WARNING: multiple messages have this Message-ID (diff)
From: Stephen Smalley <sds@tycho.nsa.gov>
To: Alexey Budankov <alexey.budankov@linux.intel.com>,
James Morris <jmorris@namei.org>, Serge Hallyn <serge@hallyn.com>,
Peter Zijlstra <peterz@infradead.org>,
Arnaldo Carvalho de Melo <acme@kernel.org>,
Ingo Molnar <mingo@redhat.com>,
"joonas.lahtinen@linux.intel.com"
<joonas.lahtinen@linux.intel.com>,
Alexei Starovoitov <ast@kernel.org>,
Will Deacon <will@kernel.org>, Paul Mackerras <paulus@samba.org>,
Michael Ellerman <mpe@ellerman.id.au>
Cc: Andi Kleen <ak@linux.intel.com>,
"linux-parisc@vger.kernel.org" <linux-parisc@vger.kernel.org>,
"selinux@vger.kernel.org" <selinux@vger.kernel.org>,
"linuxppc-dev@lists.ozlabs.org" <linuxppc-dev@lists.ozlabs.org>,
"intel-gfx@lists.freedesktop.org"
<intel-gfx@lists.freedesktop.org>,
Igor Lubashev <ilubashe@akamai.com>,
linux-kernel <linux-kernel@vger.kernel.org>,
Stephane Eranian <eranian@google.com>,
"linux-security-module@vger.kernel.org"
<linux-security-module@vger.kernel.org>,
oprofile-list@lists.sf.net, Thomas Gleixner <tglx@linutronix.de>,
Jiri Olsa <jolsa@redhat.com>,
linux-arm-kernel <linux-arm-kernel@lists.infradead.org>
Subject: Re: [PATCH v6 01/10] capabilities: introduce CAP_PERFMON to kernel and user space
Date: Thu, 6 Feb 2020 13:30:56 -0500 [thread overview]

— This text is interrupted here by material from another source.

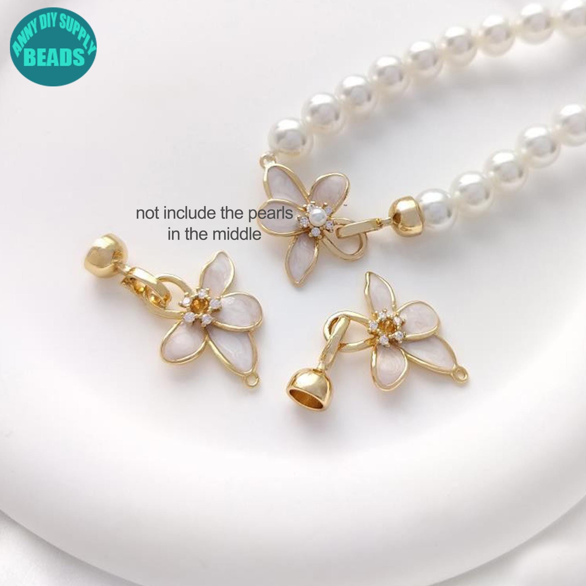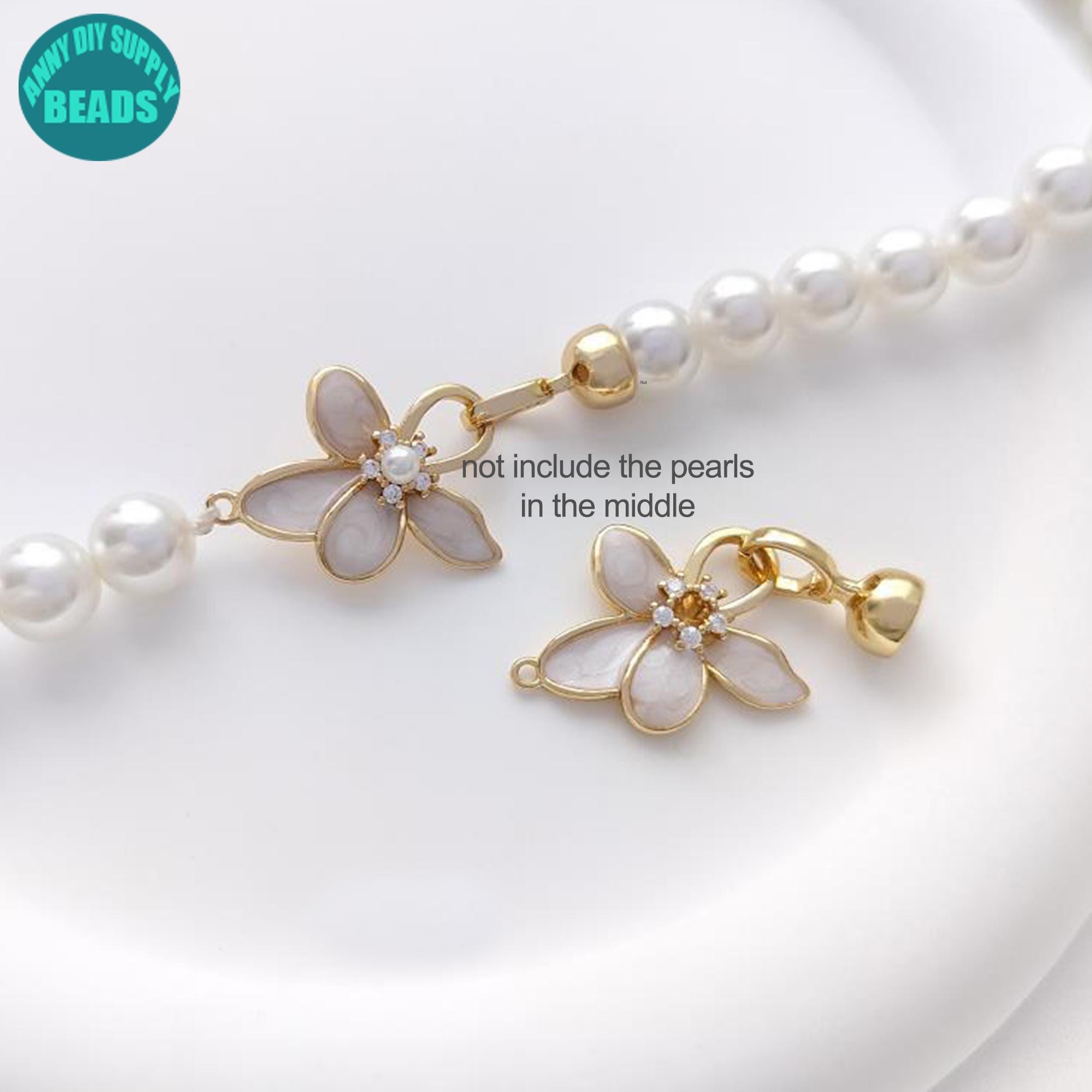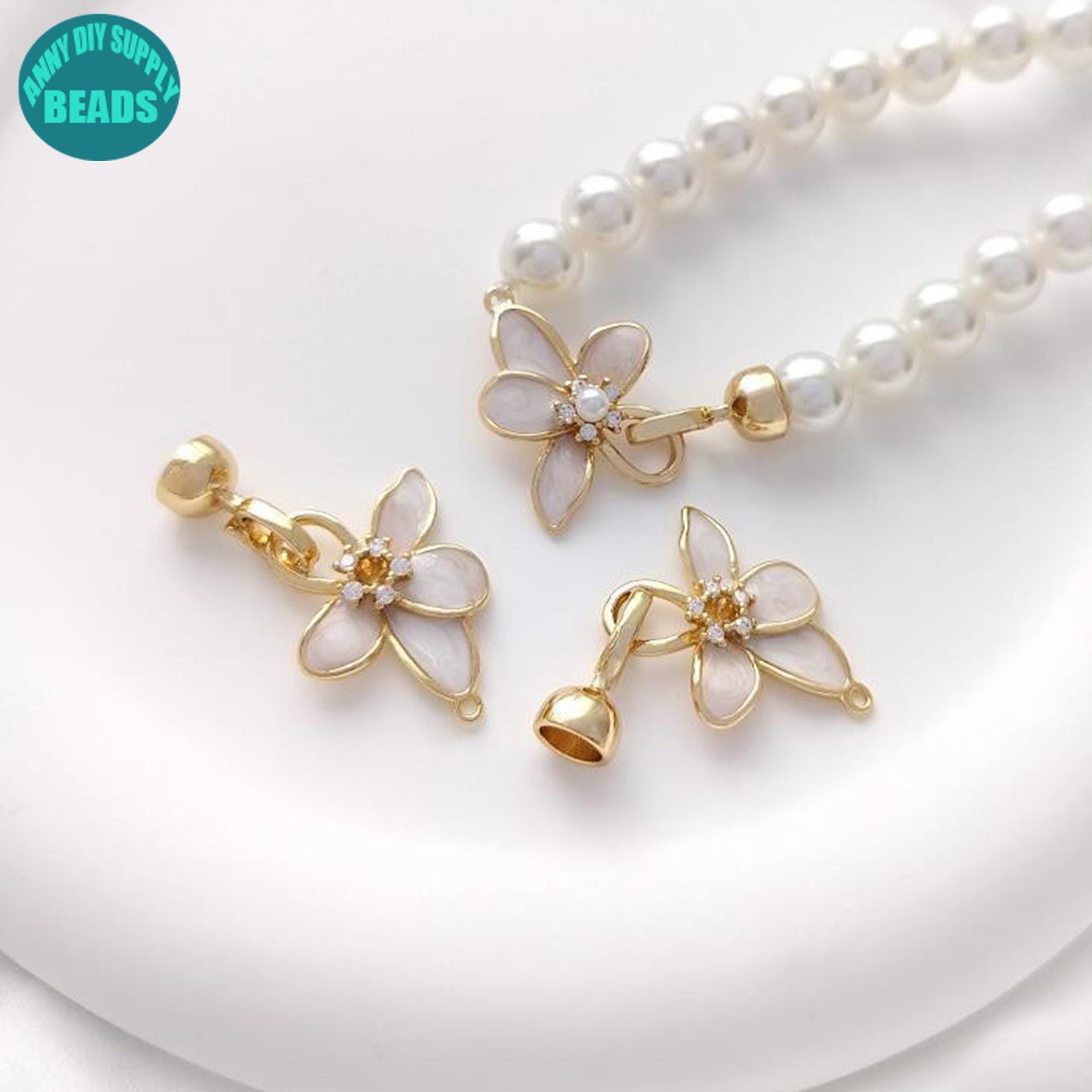 1/5/10Set 14K Real Gold Plated Flower Clasp,14K Gold Plated Pearl Clasp With caps,Necklace Hoop Clasp,DIY Jewelry Making Supply

Message-ID: <06cdca0e-65f2-b58d-a84e-5a1907aa9eb5@tycho.nsa.gov> (raw)
In-Reply-To: <1bcb4cb1-98c4-cc1a-b8e3-fd8a0e1e606f@linux.intel.com>
On 2/6/20 1:26 PM, Alexey Budankov wrote:
>
> On 06.02.2020 21:23, Stephen Smalley wrote:
>> On 2/5/20 12:30 PM, Alexey Budankov wrote:
>>>
>>> Introduce CAP_PERFMON capability designed to secure system performance
>>> monitoring and observability operations so that CAP_PERFMON would assist
>>> CAP_SYS_ADMIN capability in its governing role for performance monitoring
>>> and observability subsystems.
>>>
>>> CAP_PERFMON hardens system security and integrity during performance
>>> monitoring and observability operations by decreasing attack surface that
>>> is available to a CAP_SYS_ADMIN privileged process [2]. Providing the access
>>> to system performance monitoring and observability operations under CAP_PERFMON
>>> capability singly, without the rest of CAP_SYS_ADMIN credentials, excludes
>>> chances to misuse the credentials and makes the operation more secure.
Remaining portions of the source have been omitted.